The New Economic Policy (NEP) of Liberalisation, Privatisation and Globalisation (LPG) in the year 1991 brought about a complete turnaround in the Economic system and change in direction of economic policy making of the country. The post- independent India till the 1980s was characterized by centrally planned social democracy influenced by the policy making of the erstwhile Soviet Union. Heavy import substitution protected the domestic industries encouraging the production of substitutable domestic goods. There was strong emphasis on import substitution industrialization, economic interventionism, a large public sector business regulation and central planning. The basic and key industries like that of Steel, mining, machine tools, telecommunications, insurance and power plants were nationalized in mid 1950s. The result as perceived by critics was inefficient domestic monopoly and oligopolistic companies. The unfavorable abysmal growth rate in the first three decades after independence was caught up with the popular phrase, ‘the hindu growth rate’. Two major international events blew a threat to the economy of the country. The collapse of the Soviet Union who was the major trade partner of India closed the major gate for exports from India, the Gulf war in 1991 led to sharp hike in Oil price which together resulted in the balance of payments crisis for India. India had to depend on the loans of IMF which in turn was conditional of structural adjustment programs involving liberalization.
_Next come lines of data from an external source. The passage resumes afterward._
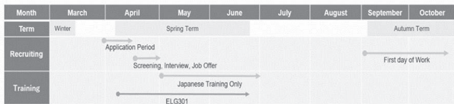
図 1 2021 年春学期の全体スケジュール

新人チューターの採用から研修までの全体スケジュールは、図 1 に示すとおりである。2021 年春学期は英語チューターが十分に確保できていたため、日本語チューターのみ採用、研修を行った。具体的には、まず 4 月上旬に WSD ウェブサイトや学内のポータルサイト上で応募を呼びかけ、4 月下旬に応募者と担当教員（筆者）および WSD スタッフとの面談を行った。そこで採用が決定した新人チューターは、5 月から 6 月にかけて筆者が担当する新人チューター研修に参加した。春学期は、応募者 7 名のうち 7 名全員が採用となり、研修は 2 グループに分かれて行うこととなった。なお、春学期の大学院生の英語チューターの採用は見送られたものの、学部生の英語チューター育成コース (ELG301: The Foundations of Tutoring Academic Writing) は開講されており、チューターを志望する修了者は秋学期以降、English for Liberal Arts Program (ELA) 課題のサポートに限定してチューターの役割を果たしている。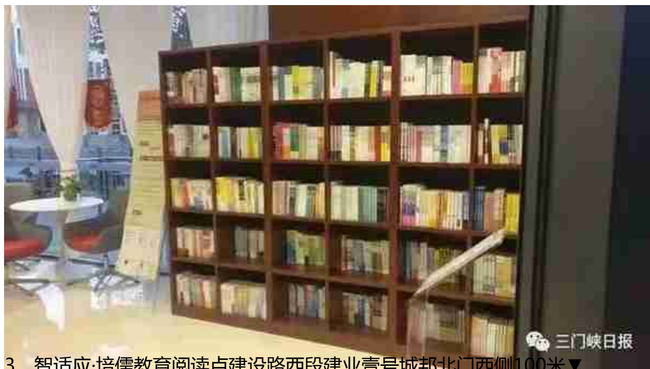
3、智适应·培儒教育阅读点建设路西段建业壹号城邦北门西侧100米▼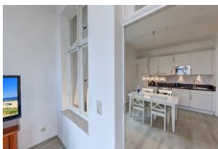
Blick in die Wohnküche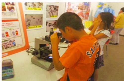
夏休み親子食品安全教室での様子

どんな食品にもリスクがある（摂取量によっては体に悪影響を及ぼす可能性がある＝ゼロリスクはない）ということ为前提に、リスクに関係する人々（消費者、食品関連事業者、行政等）の間で、食品のリスクに関する情報や意見を相互に交換すること、これをリスクコミュニケーションといいます。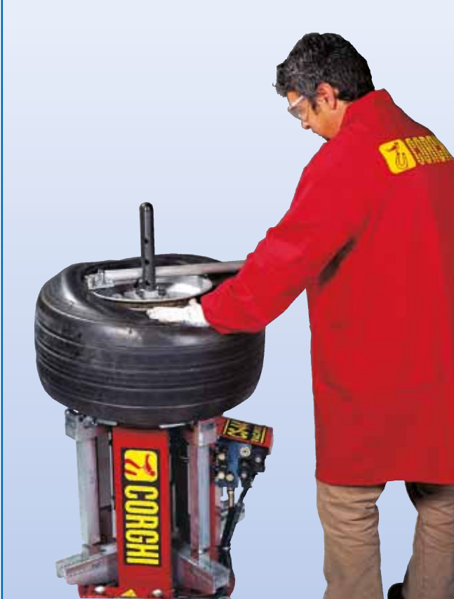
Operazione di montaggio Mounting operations Opération de montage Montagevorgang Operación de montaje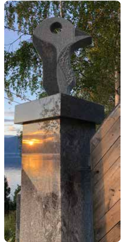
Eine portstolpen i Juvik med Hugin eller Munin på toppen.

For at fleire skal kunna ta del i det vi har bygd opp, og med eit ynskje om å setja Vik på kar-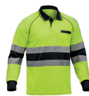
POLO FORTE AV M/COMPRIDA PÁG. 52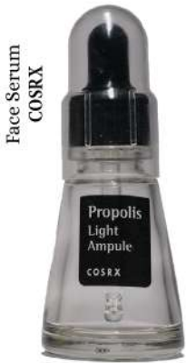
Face Serum COSRX

Esensial bagi traveller dalam berpegian dan istimewanya sebuah destinasi.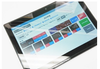
検査結果のリアルタイム集計

久保井塗装株式会社 事業内容: 工業塗装 資本金(万円): 5300万円 電話: 04-2958-5763 E-mail: dev@kuboitousou.co.jp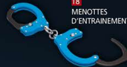
18 - MENOTTES D'ENTRAINEMENT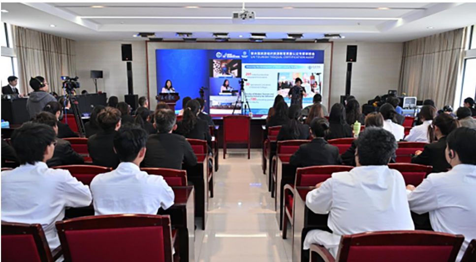
旅游学院专业完成联合国世界旅游组织教育质量认证

专业质量持续提升,3 个专业完成联合国世界旅游组织教育质量认证,2 个工程类专业积极推进德国 ASIIN 国际工程认证,专业国际影响力不断增强。在中高本贯通方面,烹饪与营养教育专业获批“3+4”中本贯通试点,音乐表演专业开展“3+2”高本贯通培养,促进了职普融通。学校还率先开展微专业建设,首批开设 7 个微专业,选课学生 360 人,拓展了学生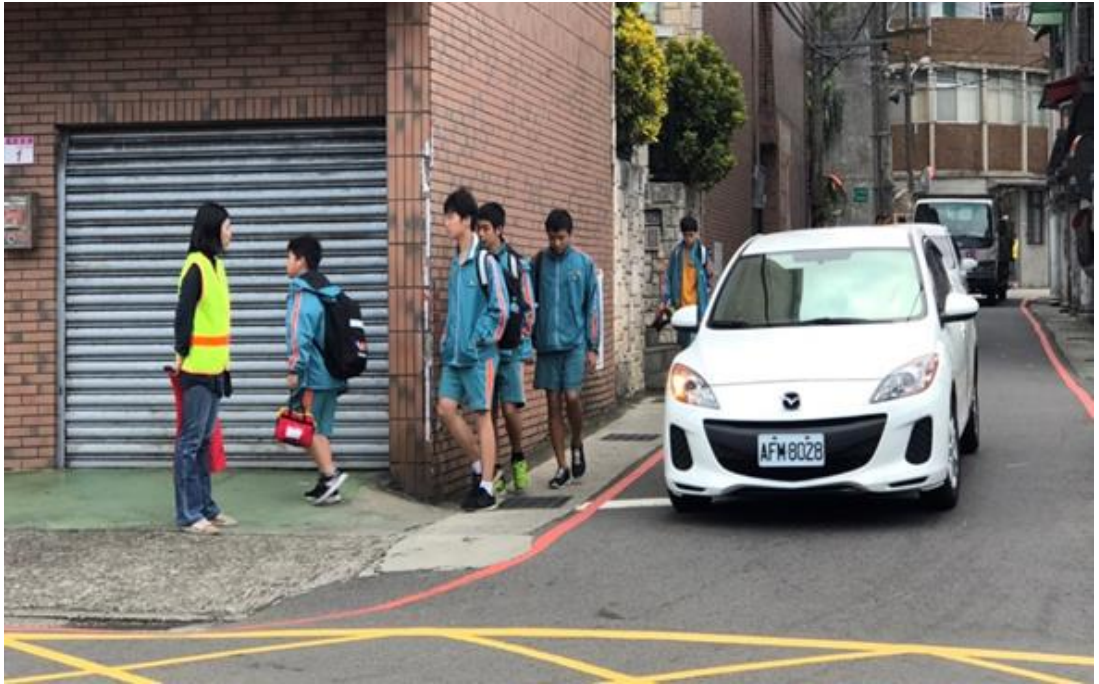
教師分組：學務處組長、行政組長、專任三組協助三個路口上放學導護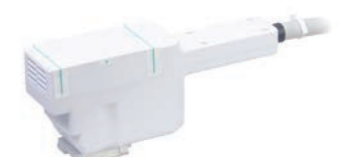
PMS コイル UC-1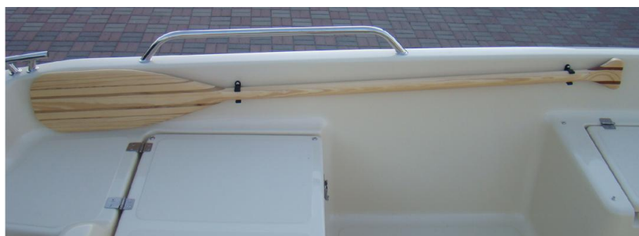
* pagaj z uchwytami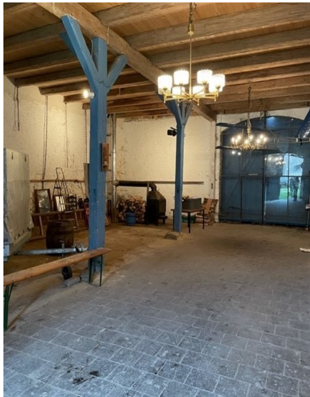
Großzügige Nutzfläche im Erdgeschoss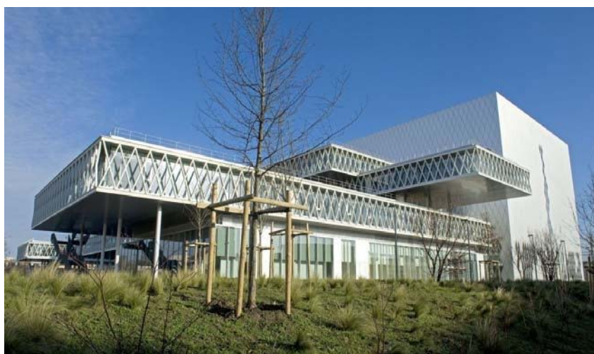
Les Archives Nationales à Pierrefitte-sur-Seine

La construction du centre des archives nationales à Pierrefitte-sur-Seine fait partie des projets d'envergure menés récemment et confiés à un cabinet d'architecte prestigieux.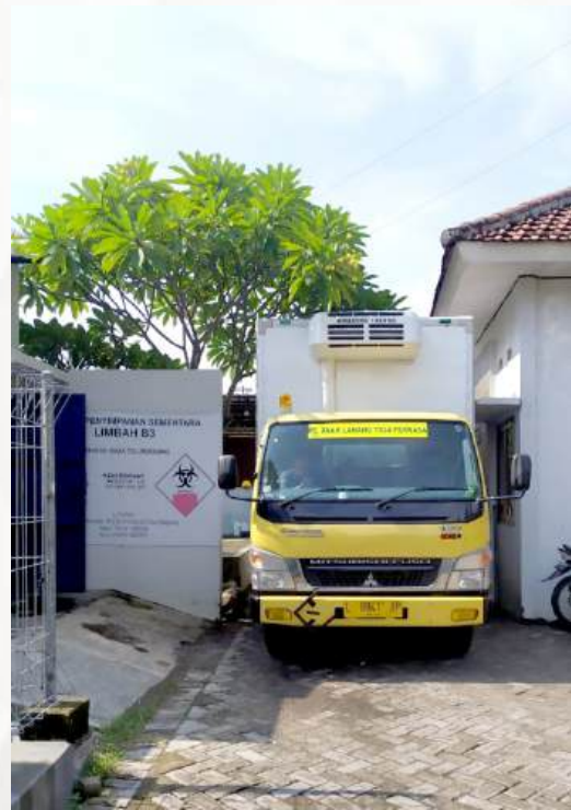
Pengangkutan Limbah B3 Fasyankes RSUD dr. Iskak Tulungagung Prov. Jawa Timur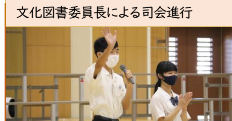
文化図書委員長による司会進行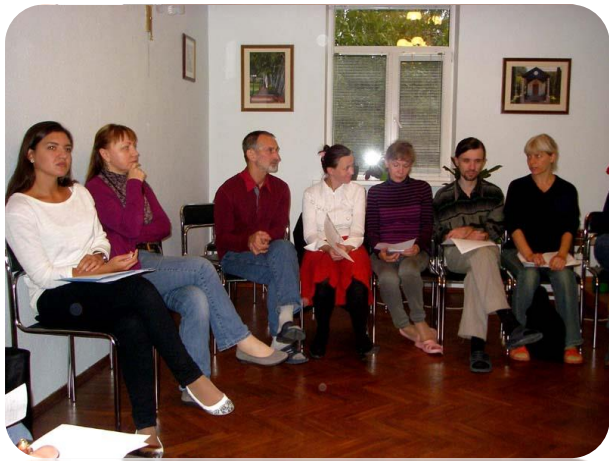
Встреча-размышление киевской общины

Подготовлено под руководством Международного Центра Обучения для института Советников. Приведённые выдержки из отчётов могли быть отредактированы в отношении грамматики, ясности или объёма текста. Весь документ или его части могут воспроизводиться или распространяться в пределах общины бахаи без специального разрешения Центра Обучения.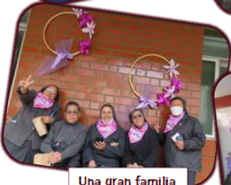
Una gran familia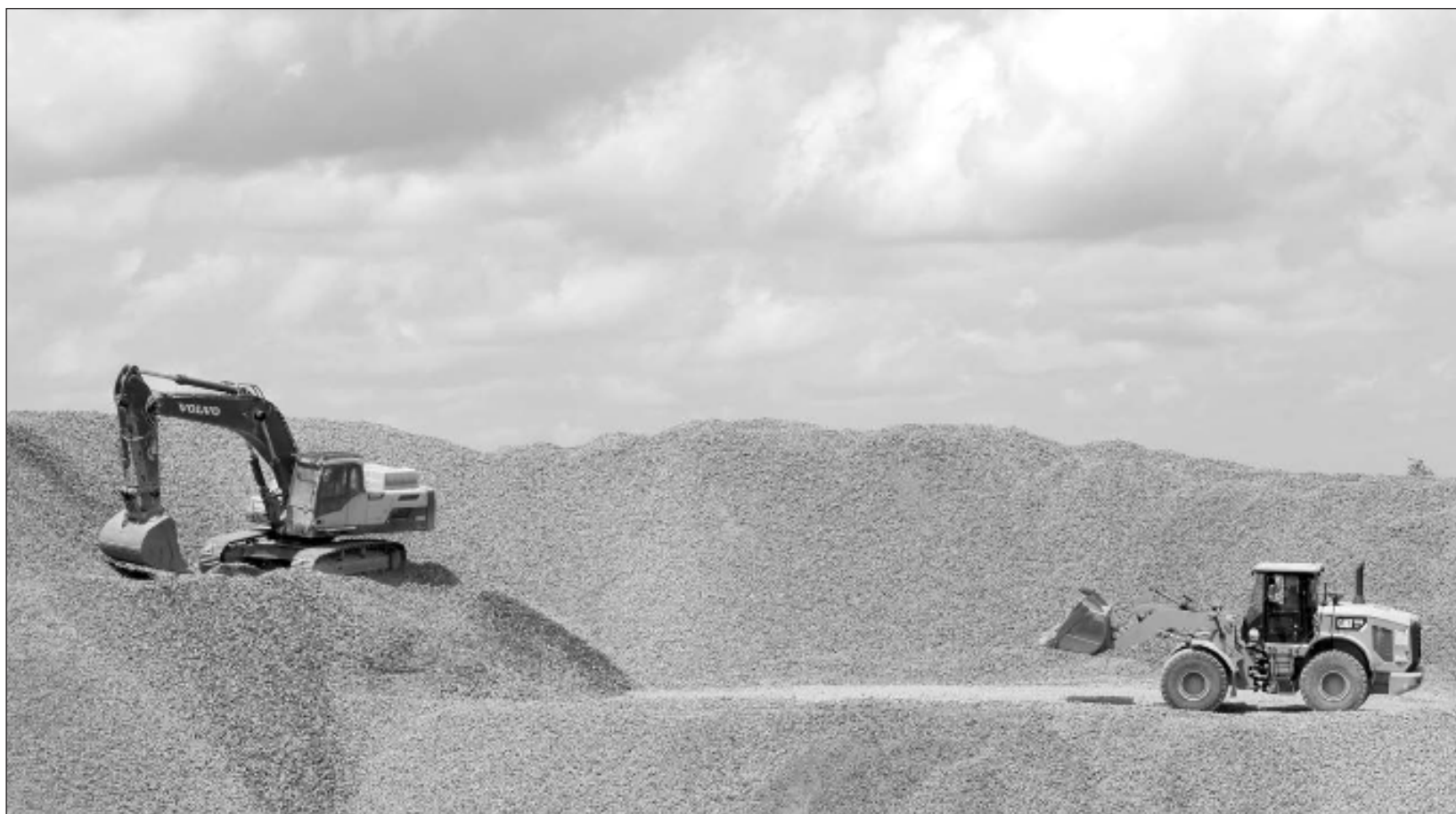
▲ “No puedo mencionarla, pero una señora que presenta denuncias y denuncias, que mis hijos (están) metidos en negocios vendiendo balasto. ¡Falso!”, subrayó el tabasqueño, haciendo referencia a la candidata de la coalición Fuerza y Corazón por México , Xóchitl Gálvez.

unos días una denuncia ante la Fiscalía Anticorrupción por la asignación de contratos para la compra de balasto para el Tren Maya, en la que solicitó investigar los posibles vínculos de los hijos del mandatario y de funcionarios federales.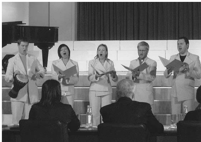
“Grand-Prix” ieguvējs – ansamblis “Teria”.

Though the period of 1991 was marked as a milestone in the economic history of the country for its breakthrough in liberalization policies, the policies since 1975 were marked by a gradual retreat from the closed economy License Raj model. The rigors of the industrial licensing system were moderated by policies in 1975, 1976, 1980 and 1984. Similarly, import controls on capital goods and for export units were relaxed through schemes like Export Promotion Capital Goods Scheme (EPCG). However, these reforms were piecemeal and limited compared to what came later in the year 1991. The signs of such reforms started showing results with a shift in the growth trajectory in the later part of 1980s.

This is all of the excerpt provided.